なお、誤解のないように断っておきますが、私は多賀城政庁の復元自体を否定しているわけではありません。それはロマンがありますしもちろん面白い試みだと思います。ここで問題にしているのは、その資金を安易に税金に頼ることです。

*1:宿泊税 - 宮城県公式ウェブサイト

*2:市長は意義強調も…宿泊業者「強く反対」 宿泊税めぐり批判続々 [宮城県]:朝日新聞デジタル

*3:知事 多賀城政庁復元に取り組む考え 10〜20年かけて|NHK 宮城のニュース 「たかが300円されど300円」宿泊税に宿泊事業者は困惑 宮城県と仙台市が導入を目指す | khb東日本放送

*4:宮城県の事情についてはみやぎ減税会さんをはじめとする皆さんの方が遥かに詳しいですし、ここで挙げた論点もすでに検討済みではないかと思いますが、あくまで感想として書いておきます。ご批判、ご指摘がありましたらご教示ください。

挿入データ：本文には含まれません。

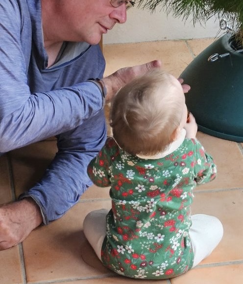Now that my granddaughter can reach for things, there are new toys for her to build her fine motor skills gaining more control every day. I found a lovely wooden Montessori toy in the local thrift store of pastel wooden shapes that slot over wooden pegs. My granddaughter is able to lift some of the pieces off the pegs. Of course then go straight into her mouth, but it’s all growth in her expanding world. There’s a lot going on in her brain with her focus on her goal of getting each shape free and coordinating her arms, hands and fingers. She looks very pleased with herself.
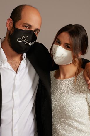 This his and hers set of fashion face masks are ready to celebrate (safely, of course!). Features a white satin mask, embroidered in metallic script with "Bride," and a black satin mask, embroidered in a metallic script with "Groom."
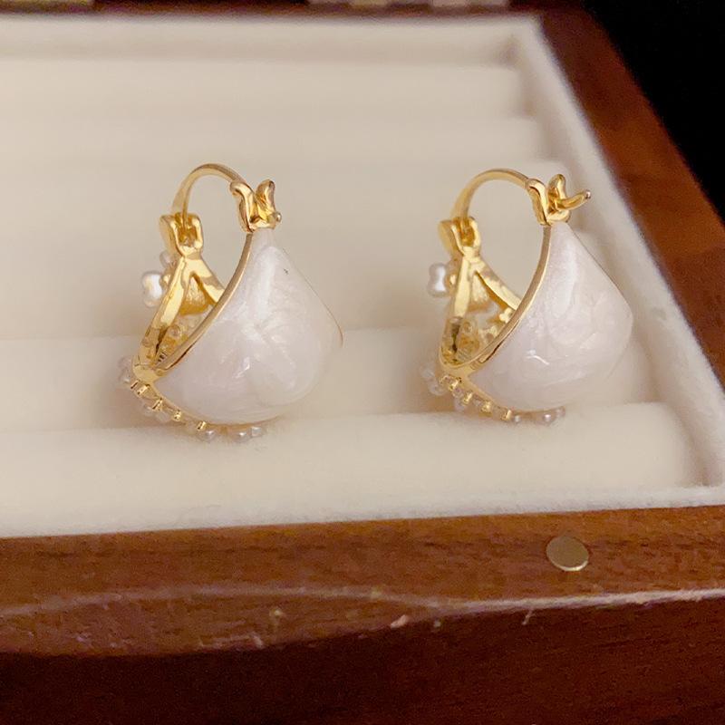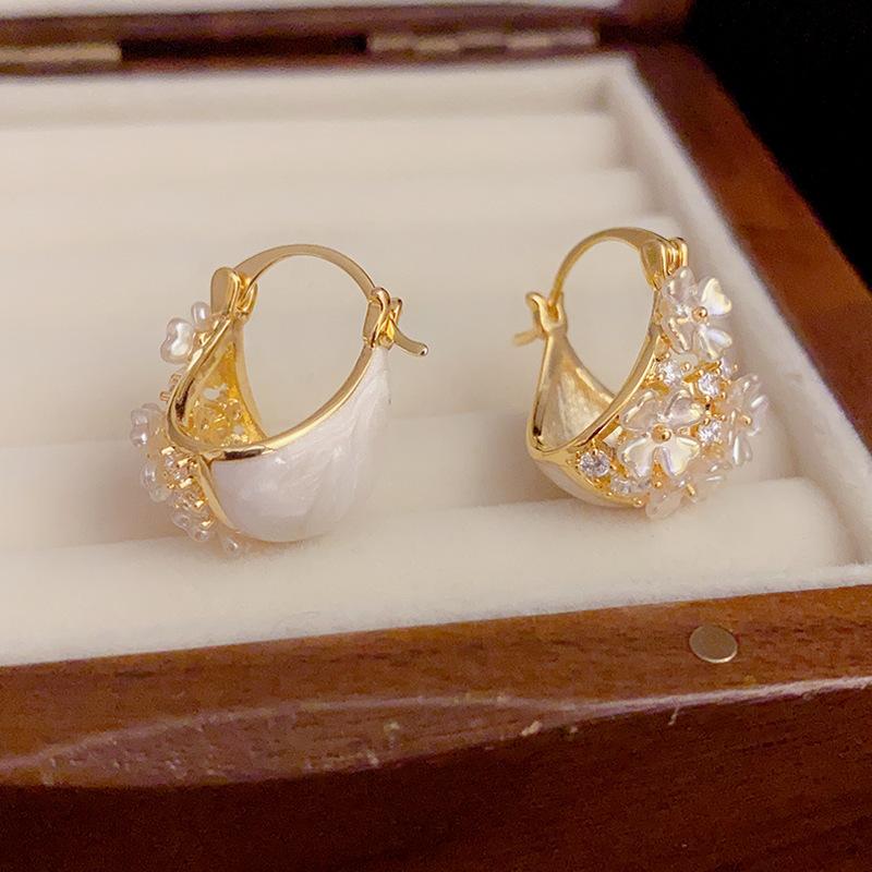 Pendientes coreanos ligeros de lujo, elegantes, de doble cara, con diseño de concha y flor, con hebilla para las orejas, exquisitos y de alta gama, que combinan con todo.
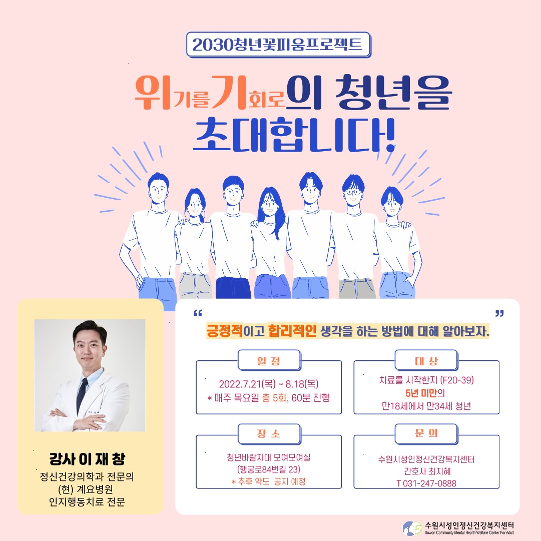 * 대상: 수원시 거주중인 청년(1984-2003) 중 정신과 치료를 받고 있는 청년
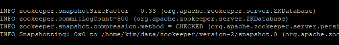 이후 zookeeper_start.sh 명령어를 수행해보면 아까 만든 data/ 경로가 적용되는 로그를 만날 수 있다
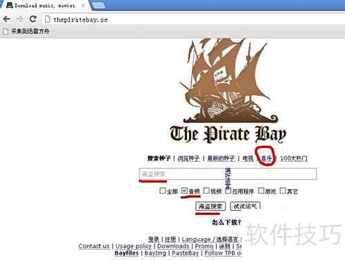 2、 BT依然是获取资源的理想方式,尽管过去国内许多BT站点和论坛相继关闭,但BT网络依旧强大,其共享精神持续传承,深受用户青睐。目前仍可通过主流BT网站及搜索引擎查找音乐资源的种子文件或磁力链接。以图1中的海盗湾(The Pirate Bay)为例,这类平台提供了丰富的音乐资源。获取链接后,只需借助常见的下载工具即可开始下载,操作简单且效率较高,广受喜爱。
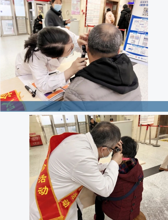 义诊活动中,医师为现场前来咨询的患者进行外耳道镜检,并免费发放测听卡,为疾病早期检测提供便利。
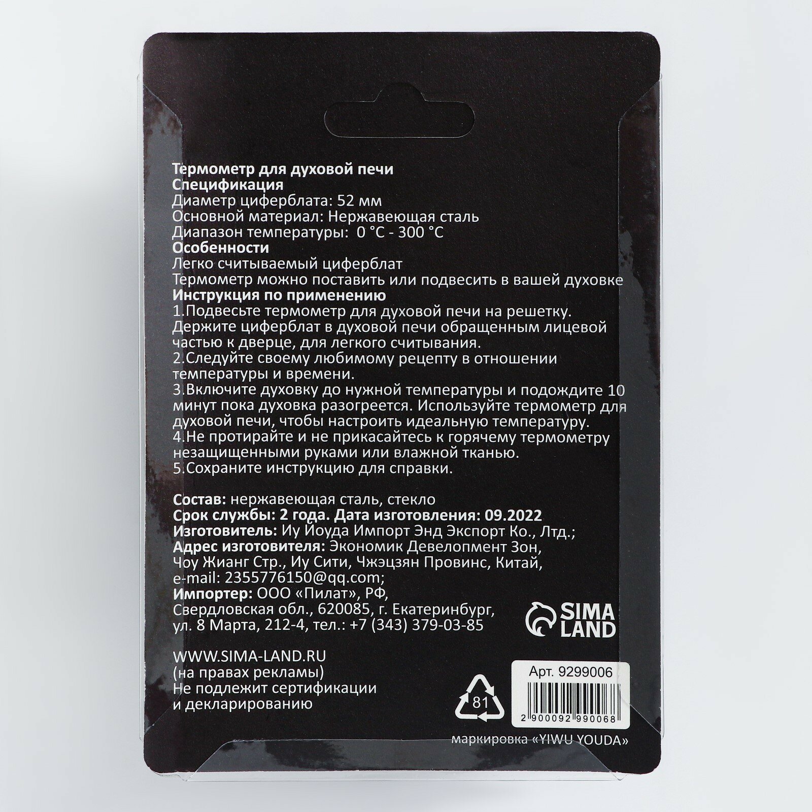 Ниже Вы можете прочитать отзывы на Термометр "Для духовой печи", 50 -300 °C, 6 х 7 см, ознакомится с подробными характеристиками, посмотреть интересные обзоры и фотографии на Термометр "Для духовой печи", 50 -300 °C, 6 х 7 см.
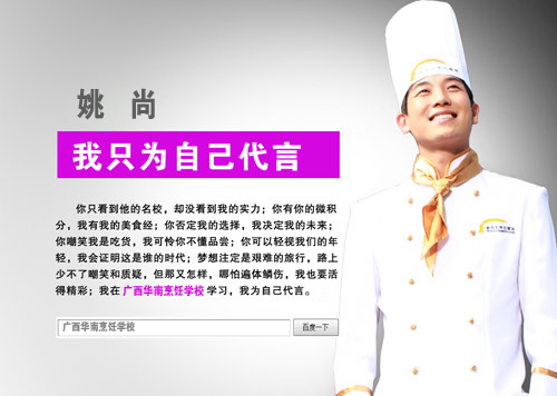 “你只看到他的名校,却没看到我的实力;你有你的微积分,我有我的美食经;你否定我的选择,我决定我的未来;你嘲笑我是吃货,我可怜你不懂品尝;你可以轻视我们的年轻,我会证明这是谁的时代;梦想注定是艰难的旅行,路上少不了嘲笑和质疑,但那又怎样,哪怕遍体鳞伤,我也要活得精彩;我在广西华南烹饪学校学习,我为自己代言。”
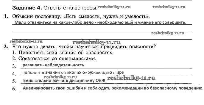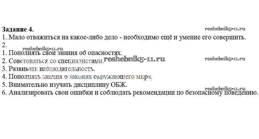 Готовая домашняя работа с ответами по ОБЖ за 5 класс Драновская Рабочая тетрадь Аст/Астрель 2014 ФГОС - 3. Как научиться выявлять и предвидеть опасности 4
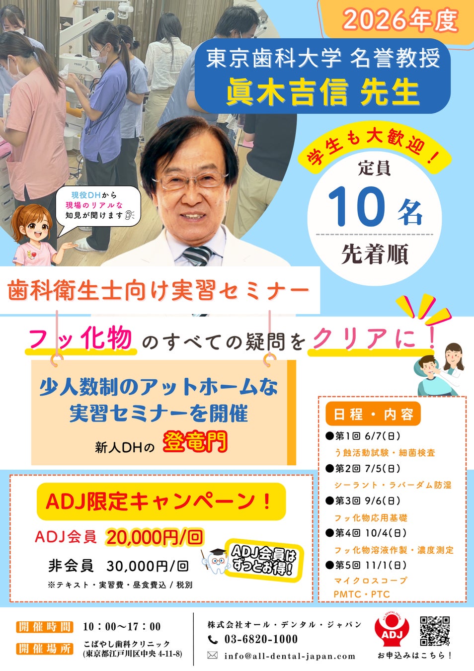 株式会社オール・デンタル・ジャパンは、歯科衛生士の臨床スキル向上と医院全体の予防レベル向上を目的とした「予防歯科・フッ化物実習セミナー(全5回)」を東京都江戸川区にて開催いたします。

*5:居住地不明を除く。令和5年度宮城県観光統計概要

*6:宮城県大崎市周辺と言えば、鳴子温泉中山平温泉などが有名ですが、既に入湯税という税金もある中で、長期滞在の観光客が多い温泉地には宿泊税の負担は小さくないのではないでしょうか。

*7:宿泊税|レジャーと税金|東京都主税局

*8:観光庁「旅行・観光消費動向調査」によれば、日本人1人当たり宿泊数は2泊程度です。

*9:令和5年度宮城県観光統計概要

*10:あくまで「比較的」です。「成功する」とは言っていません。

*11:しかし、そのようなインフラは滅多になくそれほどの予算が必要ないものだというのも事実です。なんでも公共財や外部性で正当化するのは慎重であるべきです。